The article has a good implemenetation, but when reading about Bloom filters, I often see claims about optimality, but it does not say optimial for what. In this example, an optimal Bloom filter for 1M elements does 7 lookups in a bitvector of 1.14MB, which is usually 3 to 5 L2 cache misses (with 256KB or 512KB cache).
But looking up the 1M elements directly in a BTree will usually lead to 1-2 cache misses and depending on the data element size, may even fit in the L3 cache. Then, what is this bloom filter saving me from?
Assuming your keys are short strings, 1M elements is 32MB plus btree overhead. If your keys are longer strings, (URLs are typically too long to benefit from short string optimization) 1M elements is still 32MB, but now it's also a pointer to somewhere else in memory with more data at the other end. So there's that; probably more than just 1-2 cache misses.
That being said, in the case of just 1M elements, a Bloom filter won't buy you much. For a bloom filter to be truly effective, you need all of the following:
1. Many queries come back negative; that is, you spend a lot of time searching for keys that are not in the DB. This is not the typical case. When the typical web app searches for a _key_ the key is typically in the DB. (as opposed to "find all sales on November 7th" or whatever, which Bloom filters cannot assist with)
2. The actual query is disproportionately expensive. Unless a Bloom filter can save you a disk/network call, it's generally not worth the extra overhead.
3. You rarely/never remove items, and your data grows slowly.
Many problems that can be solved with a Bloom filter can also be solved by simply buying more RAM. Many problems that can be solved with a Bloom filter can also be solved by using a faster lookup. (everybody overlooks hash tables. I don't know why.) Bloom filters are _not_ a general purpose algorithm. You really need to grok your data before pulling the trigger on a Bloom filter. (don't forget to benchmark)

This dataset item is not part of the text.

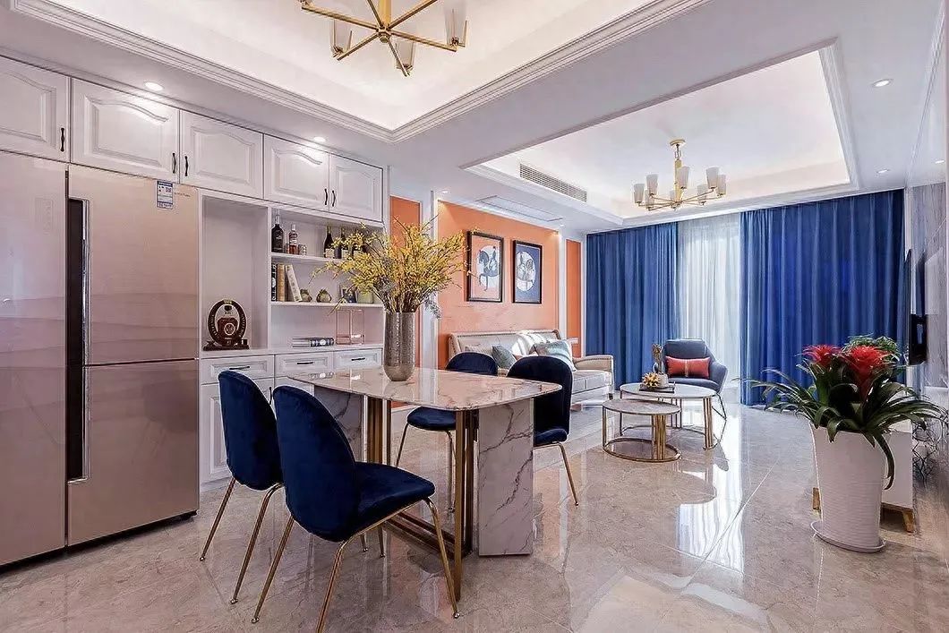 因为这些高档风格的元素往往颜色比较深,如果全部都是同一个色调的深色的话难免会显得单调压抑,采用多色拼接的搭配,整体会显得更加活跃,让空间不乏味。

> (everybody overlooks hash tables. I don't know why.)
It is probably worse than you think since a hash table can also replace the Bloom filter in its "false positives allowed" filtration role. Not sure if that's what you meant.
If all you save is the "fingerprint" (or a B-bit truncated hash code of the keys) then you get a very similar probabilistic data structure. Further, if you put these small integer fingerprints in an open addressed hash table with linear probing then you get a (very likely) single-cache miss test for membership. This alternate structure was, in fact, also analyzed by Burton Bloom (in the very same paper he introduced his famous filter). He found fingerprint filters to be slower only on very unrealistic memory systems with neither cache nor "word fetch" structure where access to every bit had unit cost no matter its location. If you can grab a big batch of bits in unit cost the analysis changes a lot. Modern systems grab 512..1024 bits at the same cost as 1...

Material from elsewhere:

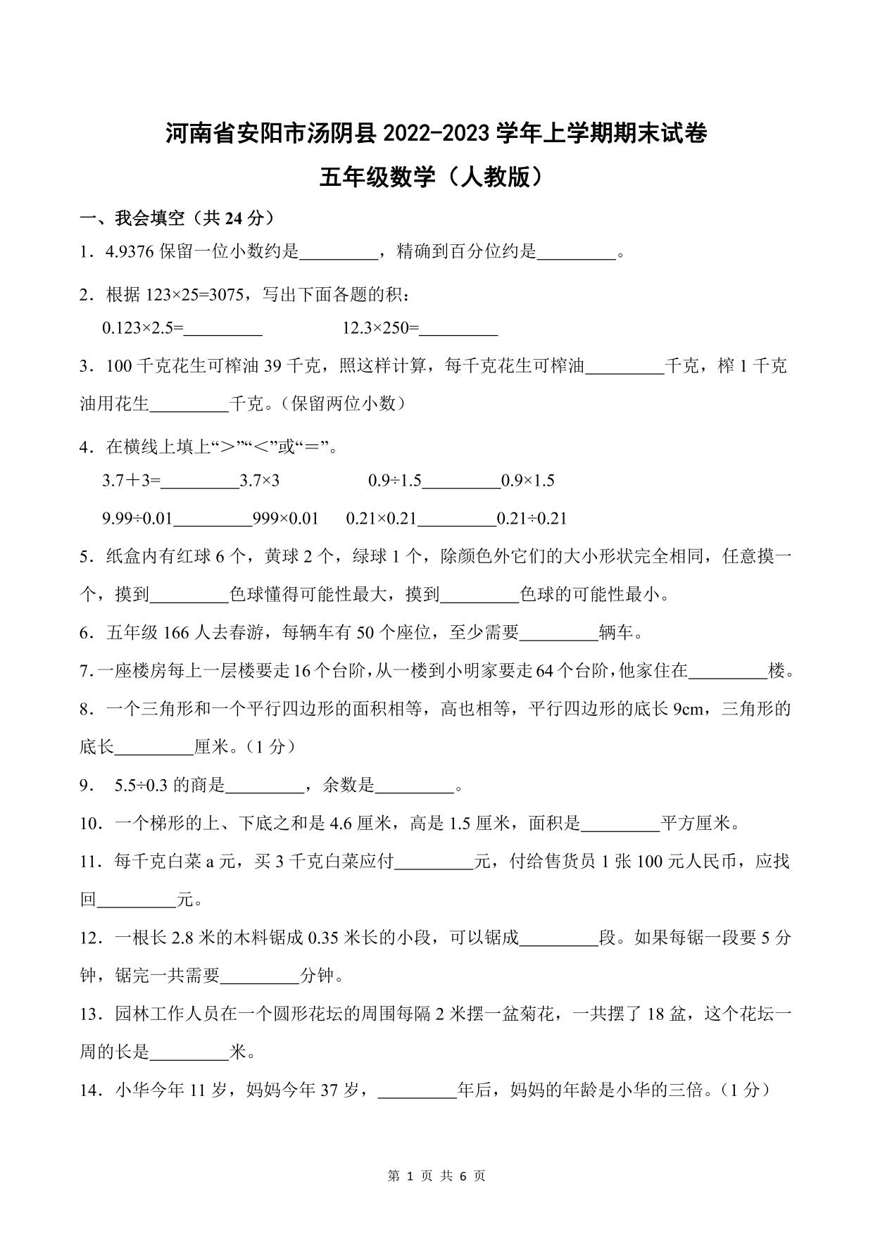 河南省安阳市汤阴县2022-2023学年上学期期末试卷五年级数学(人教版)

This fingerprint filter alternative does take 2..4x more space depending on scale and allowed false positive rates, but that space is organized better in terms of caches. Most would choose to spend that space to save k-1 cache misses of time in today's era of 60-120 ns memory and multi GHz CPUs. It is slightly easier to implement a large bitvector than an array of B-bit numbers, depending on B. { It's pretty trivial for B=8*m, though. ;-) } It's kind of crazy that hash tables for this purpose fell into "also ran/obscure" status...
If you switch from linear probing to cuckoo hashing, then you end up with a cuckoo filter, which is more compact than a bloom filter for a given false-positive rate. The compactness comes from the fact that Cuckoo hashing allows load factors of over 90% which are impractical for linear-probing.

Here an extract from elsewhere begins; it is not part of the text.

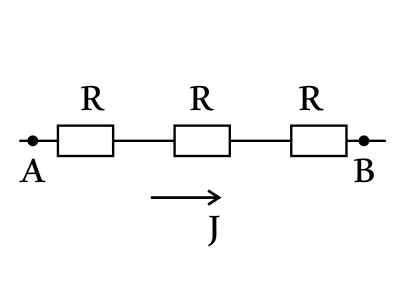 По закону Ома имеем: $J={U}/{R_{общ.}}⇒R_{общ.}={U}/{J}⇒3R={U}/{J}⇒R={U}/{3J}$(2)

Well, sure. You can also switch to Robin-Hood linear probing to work well at high load factors and retain the almost never >1 DRAM hit. These are just various hash table options to claw back some load factor ratios of space usage.
If you can store the entire BTree a bloom filter is useless. Bloom filters are compact caches for very large DBs with high negative lookup rates. Think instead of N cache misses, it's querying a remote database vs a local vector lookup.
The entire Bloom filter is a loss in terms of space. The Bloom filter may give me better lookup performance (by skipping lookups in the underlying data structure) at the expense of this space. But this is if the Bloom filter itself is fast.
I think you're getting a few things wrong. Bloom filters do not serve as data structures for faster lookups, on the contrary, other approached perform probably much better. Bloom filters are only useful because of their low space complexity. E.g. look at genome assembly https://en.wikipedia.org/wiki/Bloom_filters_in_bioinformatic.... Storing and looking up every k-mer is super expensive (memory-wise). Bloom filters allow for efficient k-mer lookup, without actually having to store all the possible k-mers in memory.
Bing's BitFunnel paper is a pretty interesting read. The parts about scaling bloom filters by flipping their axis and using multiply filter layers is particularly of note if you are actually interested in production use.
“This looks really promising! A Bloom Filter that represents a set of million items with a false-positive rate of 0.01 requires only 9585059 bits and 7 hash functions.“
My immediate thought here was that this wasn't very space efficient as it requires over 9 bits per item?
I'd have to dig more into this though to confirm or deny my intuition!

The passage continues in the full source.